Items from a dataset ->
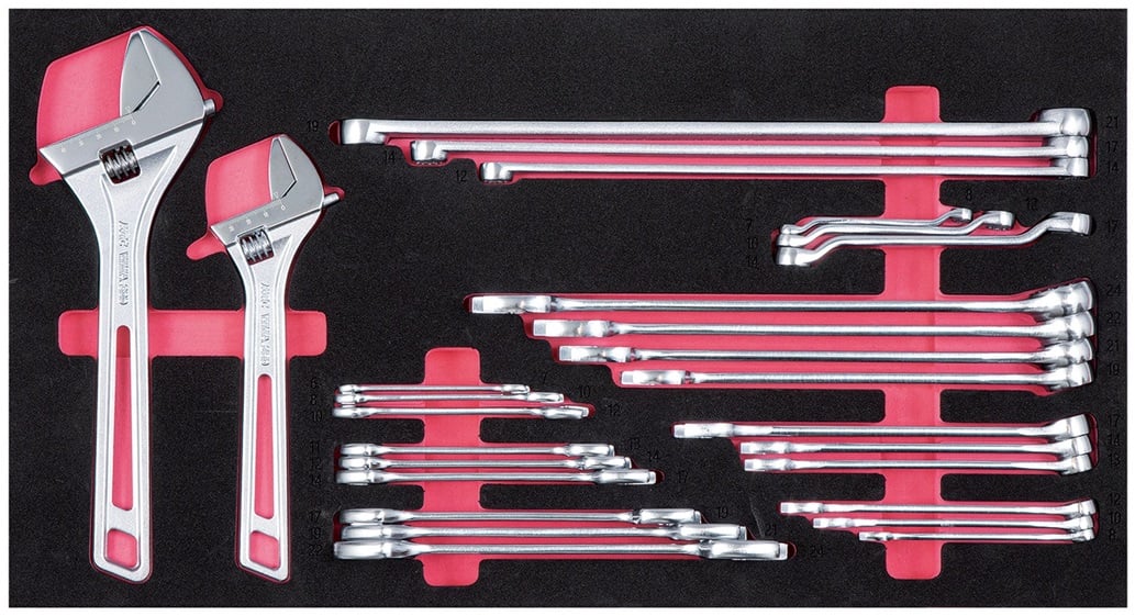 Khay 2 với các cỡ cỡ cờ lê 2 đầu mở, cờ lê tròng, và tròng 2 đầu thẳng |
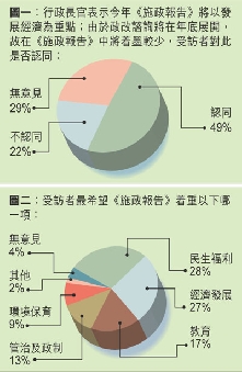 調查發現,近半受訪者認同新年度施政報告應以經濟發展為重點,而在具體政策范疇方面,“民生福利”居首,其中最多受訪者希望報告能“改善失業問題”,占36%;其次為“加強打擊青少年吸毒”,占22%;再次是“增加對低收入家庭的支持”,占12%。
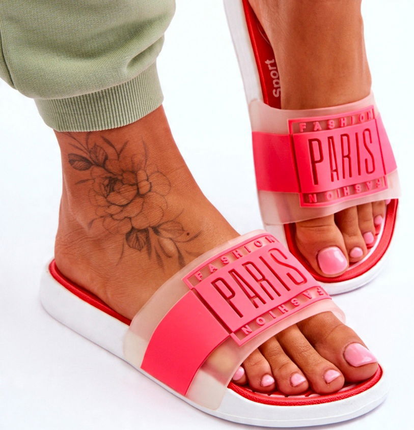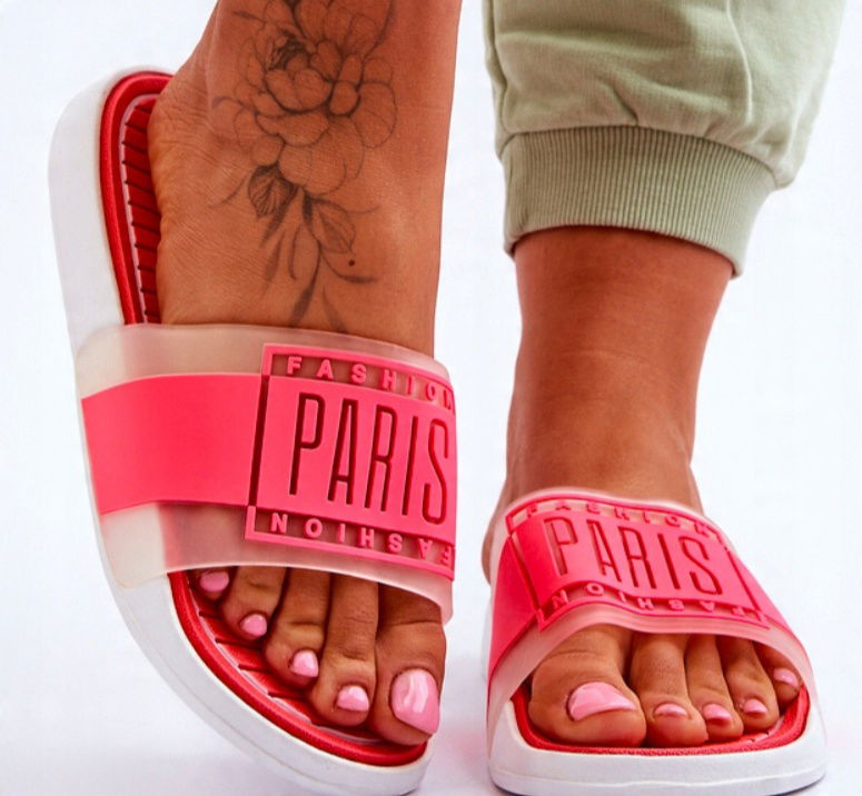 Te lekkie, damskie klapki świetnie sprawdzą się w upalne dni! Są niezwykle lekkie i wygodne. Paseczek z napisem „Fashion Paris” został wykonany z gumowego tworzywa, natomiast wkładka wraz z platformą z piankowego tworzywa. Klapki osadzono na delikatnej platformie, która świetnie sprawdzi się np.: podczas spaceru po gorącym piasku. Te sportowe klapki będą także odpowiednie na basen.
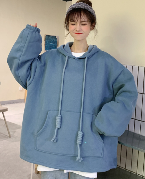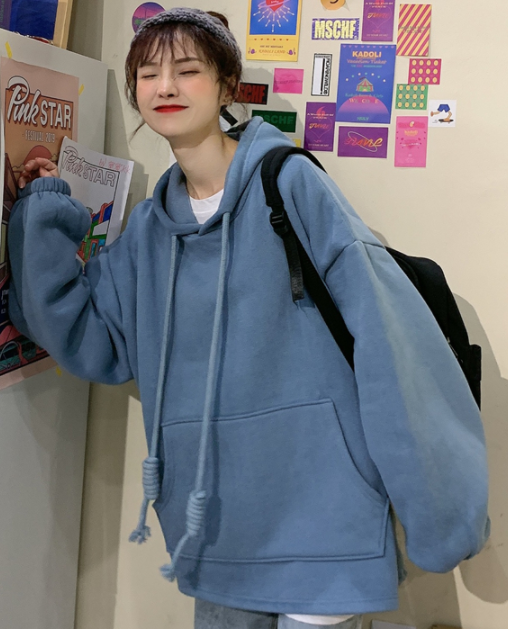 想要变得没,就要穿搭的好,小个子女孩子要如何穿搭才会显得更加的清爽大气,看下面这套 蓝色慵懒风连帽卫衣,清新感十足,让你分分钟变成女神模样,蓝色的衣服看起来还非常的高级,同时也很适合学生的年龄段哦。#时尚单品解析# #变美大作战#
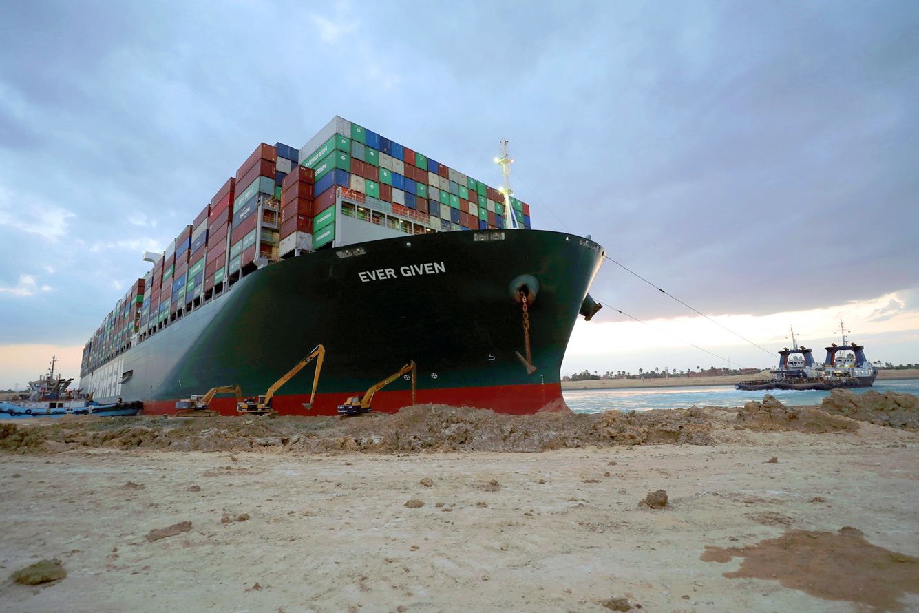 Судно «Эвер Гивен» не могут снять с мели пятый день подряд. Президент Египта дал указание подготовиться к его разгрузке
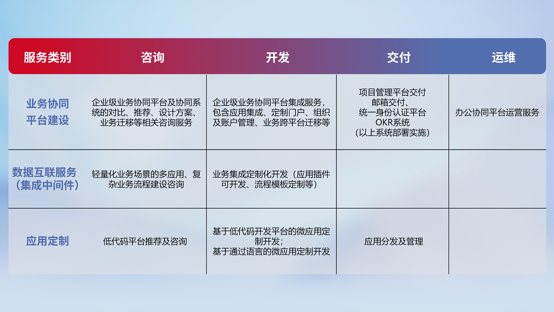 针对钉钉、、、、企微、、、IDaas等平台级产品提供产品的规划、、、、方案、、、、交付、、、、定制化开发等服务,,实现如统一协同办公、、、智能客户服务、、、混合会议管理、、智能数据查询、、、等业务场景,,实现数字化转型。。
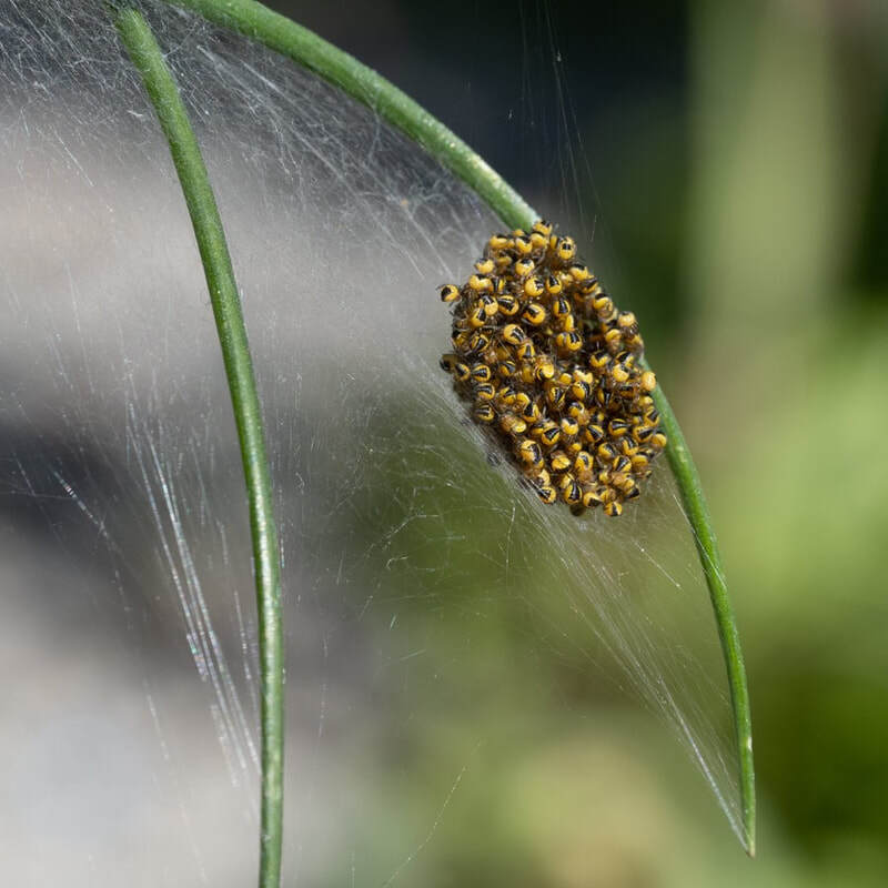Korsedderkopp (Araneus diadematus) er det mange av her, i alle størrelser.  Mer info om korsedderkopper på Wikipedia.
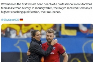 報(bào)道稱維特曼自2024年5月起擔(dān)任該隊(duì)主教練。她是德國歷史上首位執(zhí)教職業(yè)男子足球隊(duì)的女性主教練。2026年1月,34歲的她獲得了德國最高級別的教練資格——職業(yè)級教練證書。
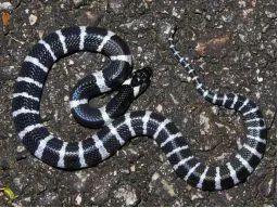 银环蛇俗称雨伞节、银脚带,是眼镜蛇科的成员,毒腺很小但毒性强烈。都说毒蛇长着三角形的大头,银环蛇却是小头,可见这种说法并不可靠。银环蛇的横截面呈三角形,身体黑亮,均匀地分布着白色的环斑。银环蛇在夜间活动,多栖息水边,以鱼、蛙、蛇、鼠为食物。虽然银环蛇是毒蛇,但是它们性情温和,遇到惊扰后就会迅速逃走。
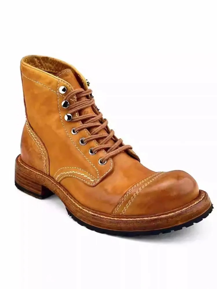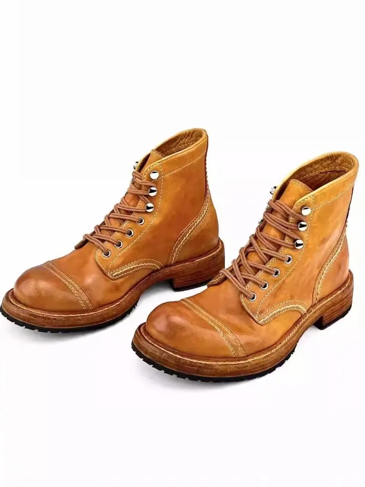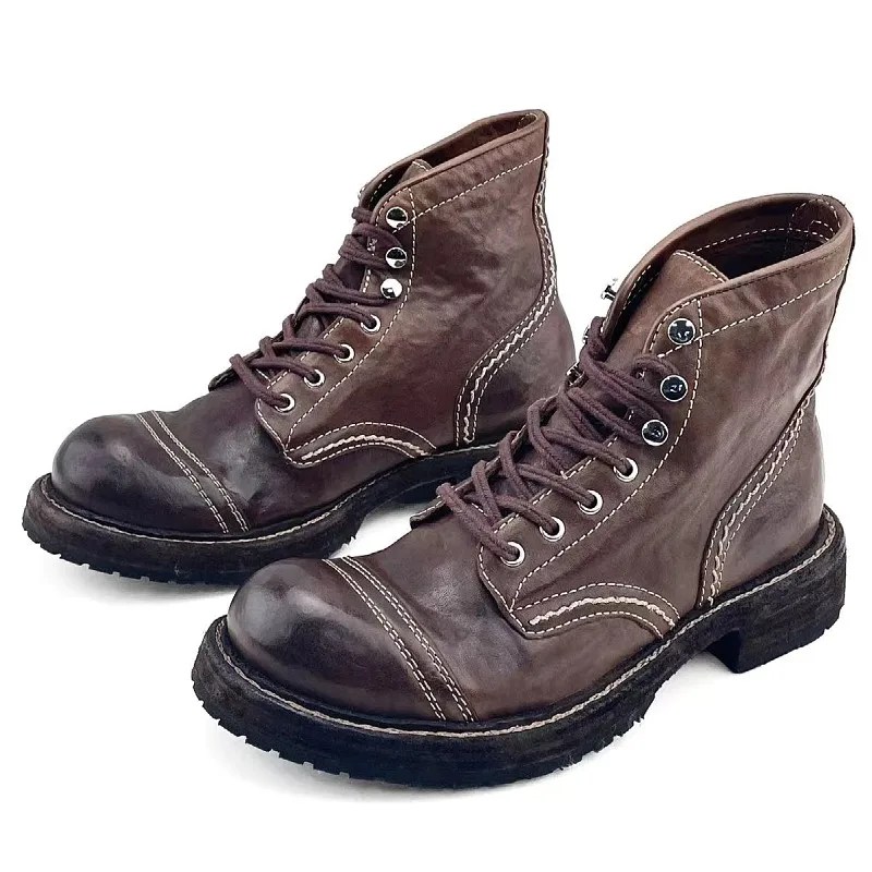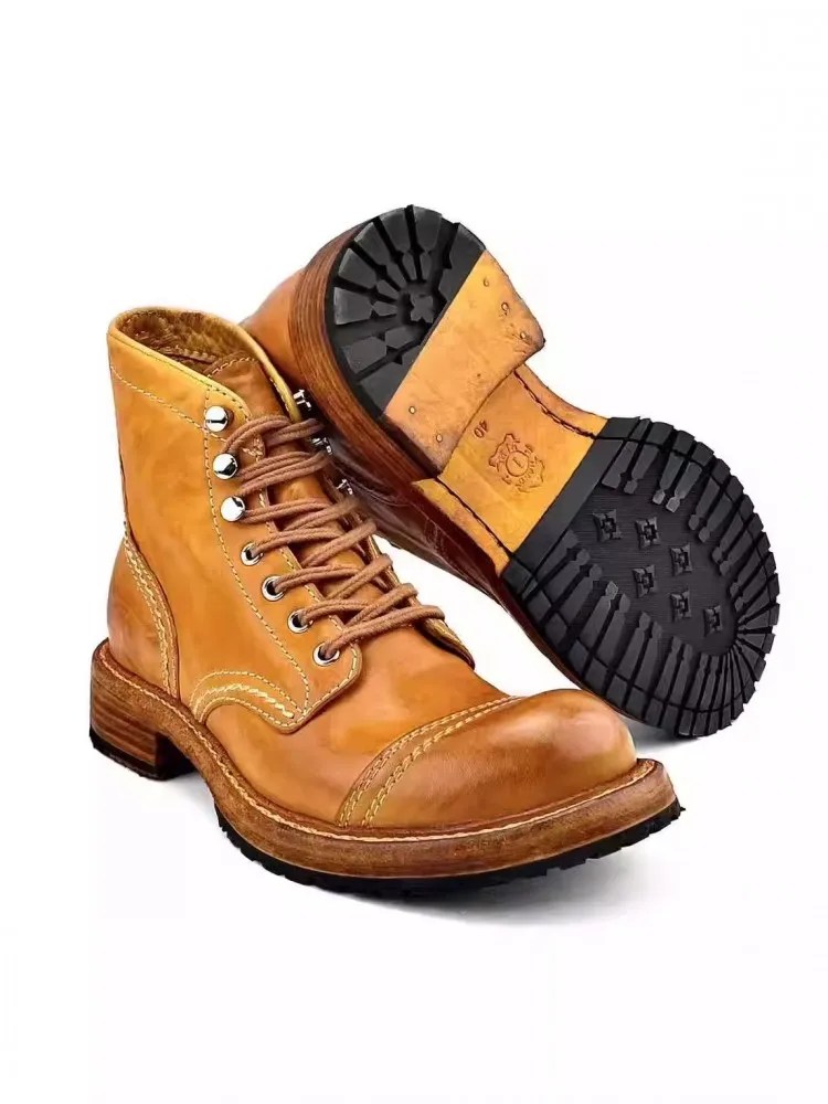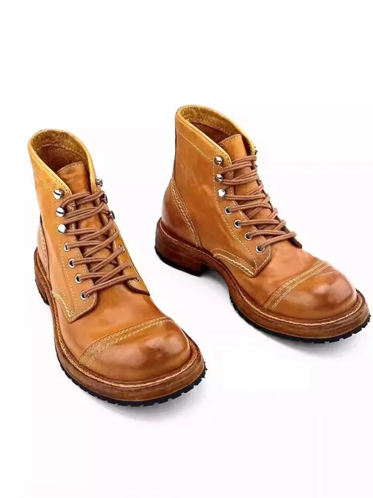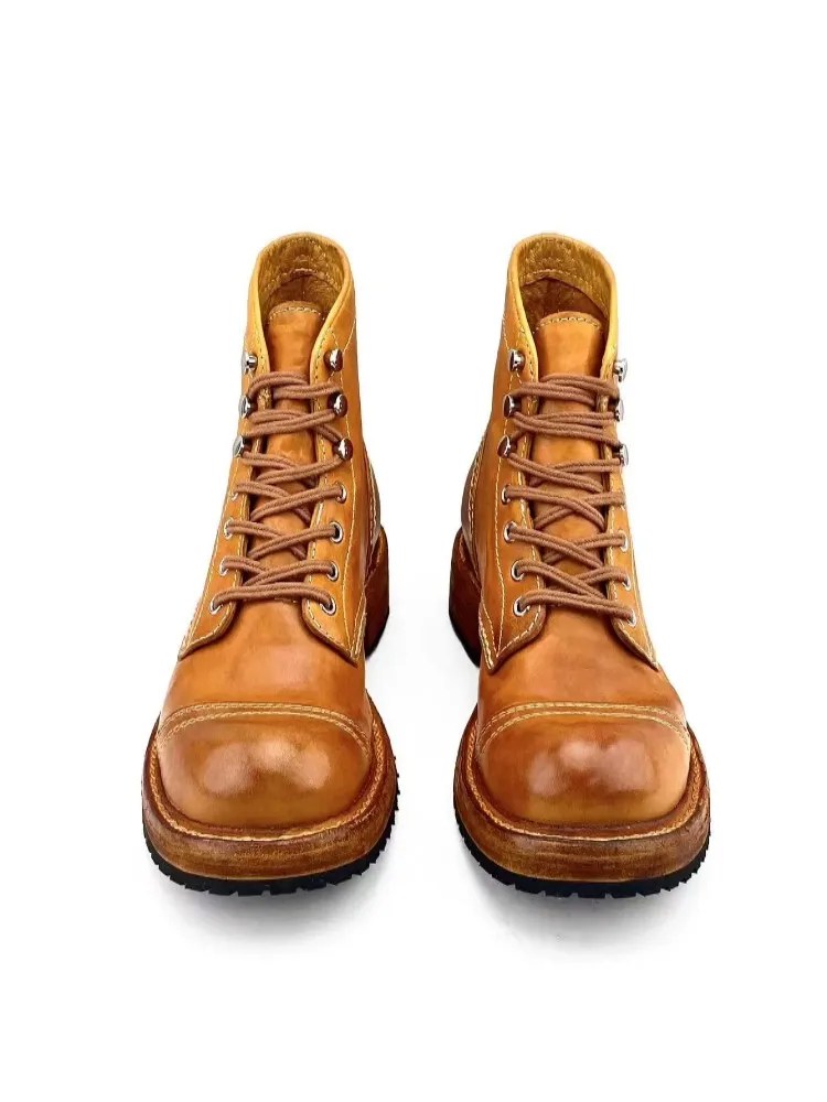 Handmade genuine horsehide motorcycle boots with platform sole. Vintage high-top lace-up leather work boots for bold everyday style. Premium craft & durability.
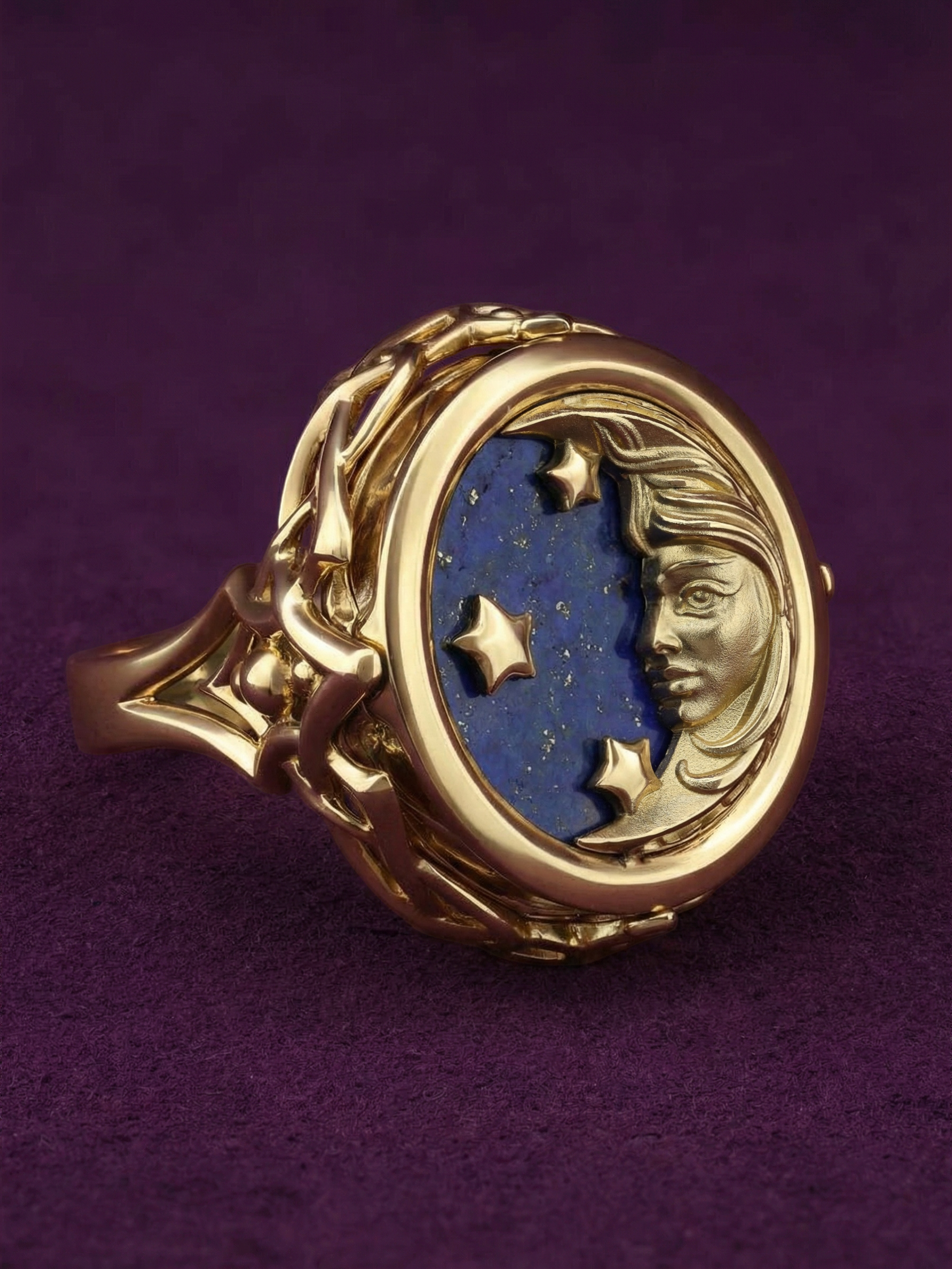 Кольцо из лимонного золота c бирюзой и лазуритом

What this task involves -> The answer must be an exact copy of the lines from the one containing "к его разгрузке" through the last line of the records, and nothing else. Pictures do not belong in it.

Written solution ->
 Судно «Эвер Гивен» не могут снять с мели пятый день подряд. Президент Египта дал указание подготовиться к его разгрузке
 针对钉钉、、、、企微、、、IDaas等平台级产品提供产品的规划、、、、方案、、、、交付、、、、定制化开发等服务,,实现如统一协同办公、、、智能客户服务、、、混合会议管理、、智能数据查询、、、等业务场景,,实现数字化转型。。
Korsedderkopp (Araneus diadematus) er det mange av her, i alle størrelser.  Mer info om korsedderkopper på Wikipedia.
 報(bào)道稱維特曼自2024年5月起擔(dān)任該隊(duì)主教練。她是德國歷史上首位執(zhí)教職業(yè)男子足球隊(duì)的女性主教練。2026年1月,34歲的她獲得了德國最高級別的教練資格——職業(yè)級教練證書。
 银环蛇俗称雨伞节、银脚带,是眼镜蛇科的成员,毒腺很小但毒性强烈。都说毒蛇长着三角形的大头,银环蛇却是小头,可见这种说法并不可靠。银环蛇的横截面呈三角形,身体黑亮,均匀地分布着白色的环斑。银环蛇在夜间活动,多栖息水边,以鱼、蛙、蛇、鼠为食物。虽然银环蛇是毒蛇,但是它们性情温和,遇到惊扰后就会迅速逃走。
 Handmade genuine horsehide motorcycle boots with platform sole. Vintage high-top lace-up leather work boots for bold everyday style. Premium craft & durability.
 Кольцо из лимонного золота c бирюзой и лазуритом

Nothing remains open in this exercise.